The workflow code below runs the applications.

In [None]:
# Example Python app
future = slow_hello()

#print(slow_hello().result())

# Example Bash app
future = echo_hello()

#echo_hello().result()

with open('echo-hello.stdout', 'r') as f:
     print(f.read())

## Stop Parsl

The cells above can be rerun any number of times; this will simply send more and more apps to be run by Parsl. When the workflow is truly complete, it is time to call the cleanup() command.
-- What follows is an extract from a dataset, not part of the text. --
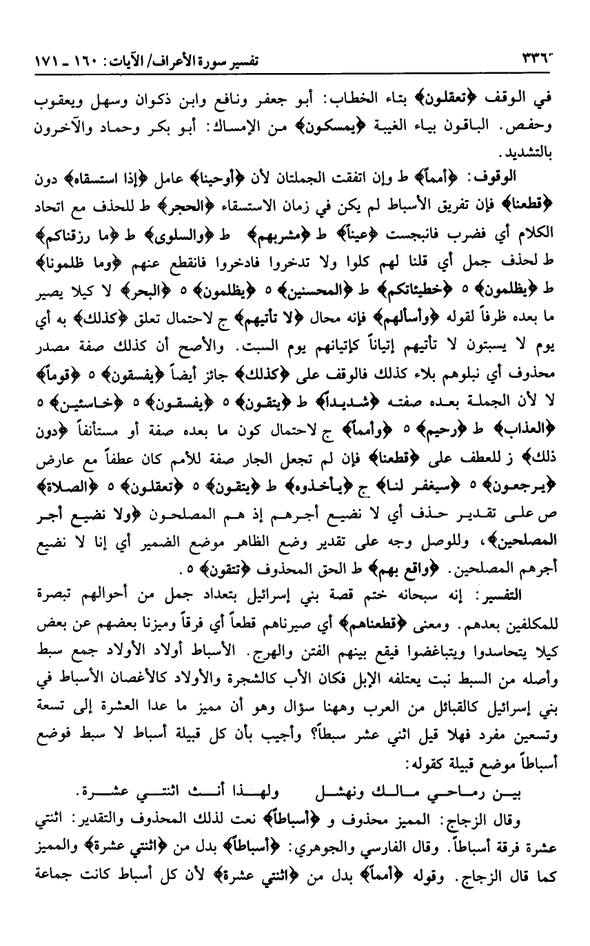 أُمَماً ط وإن اتفقت الجملتان لأن أَوْحَيْنا عامل إِذِ اسْتَسْقاهُ دون قَطَّعْناهُمُ فإن تفريق الأسباط لم يكن في زمان الاستسقاء الْحَجَرَ ط للحذف مع اتحاد الكلام أي فضرب فانبجست عَيْناً ط مَشْرَبَهُمْ ط وَالسَّلْوى ط ما رَزَقْناكُمْ ط لحذف جمل أي قلنا لهم كلوا ولا تدخروا فادخروا فانقطع عنهم وَما ظَلَمُونا ط يَظْلِمُونَ هـ خَطِيئاتِكُمْ ط الْمُحْسِنِينَ هـ يَظْلِمُونَ هـ الْبَحْرِ لا كيلا يصير ما بعده ظرفا لقوله وَسْئَلْهُمْ فإنه محال لا تَأْتِيهِمْ ج لاحتمال تعلق كَذلِكَ به أي يوم لا يسبتون لا تأتيهم إتيانا كإتيانهم يوم السبت. والأصح أن كذلك صفة مصدر محذوف أي نبلوهم بلاء كذلك فالوقف على كَذلِكَ جائز أيضا يَفْسُقُونَ هـ قَوْماً لا لأن الجملة بعده صفته شَدِيداً ط يَتَّقُونَ هـ يَفْسُقُونَ هـ خاسِئِينَ هـ الْعَذابِ ط رَحِيمٌ هـ وأمما ج لاحتمال كون ما بعده صفة أو مستأنفا دُونَ ذلِكَ ز للعطف على قَطَّعْناهُمْ فإن لم تجعل الجار صفة للأمم كان عطفا مع عارض يَرْجِعُونَ هـ سَيُغْفَرُ لَنا ج يَأْخُذُوهُ ط يَتَّقُونَ هـ تَعْقِلُونَ هـ الصَّلاةَ ص على تقدير حذف أي لا نضيع أجرهم إذ هم المصلحون ولا نُضِيعُ أَجْرَ الْمُصْلِحِينَ، وللوصل وجه على تقدير وضع الظاهر موضع الضمير أي إنا لا نضيع أجرهم المصلحين. واقِعٌ بِهِمْ ط الحق المحذوف تَتَّقُونَ هـ.

This command runs implicitly when a `main.py` script finishes executing, but it is *not* run in a notebook unless it is explicitly called as it is below.

In [None]:
dfk.cleanup()

## Clean up some log files

In [None]:
# Application logs
! rm echo-hello.stdout
! rm echo-hello.stderr

# Remove log files if parsl-visualize is started from os.system (Option 1)
! rm parsl_vis.stdout
! rm parsl_vis.stderr

# Remove log files if parsl-visualize is started from Parsl app (Option 2)
! rm parsl_vis_app.stdout
! rm parsl_vis_app.stderr

# This directory contains Parsl monitoring along with other logs
! rm -rf runinfo

## Start Parsl Monitoring - Option 3 - Post workflow manual invocation

Once the Parsl `./runinfo/monitoring.db` is created, it is possible to start Parsl Monitoring and browse the results of workflow in an offline manner.  In this scenario, `parsl-visualize` can be started on the command line provided that a Conda env with `parsl[visualize]` installed is activated. For example:
```
source pw/.miniconda3/etc/profile.d/conda.sh
conda activate base
parsl-visualize sqlite:////${HOME}/mlops-parsl-workflow/runinfo/monitoring.db
```
(You may need to adjust the path to the Conda environment, its name, and the path to `monitoring.db`.)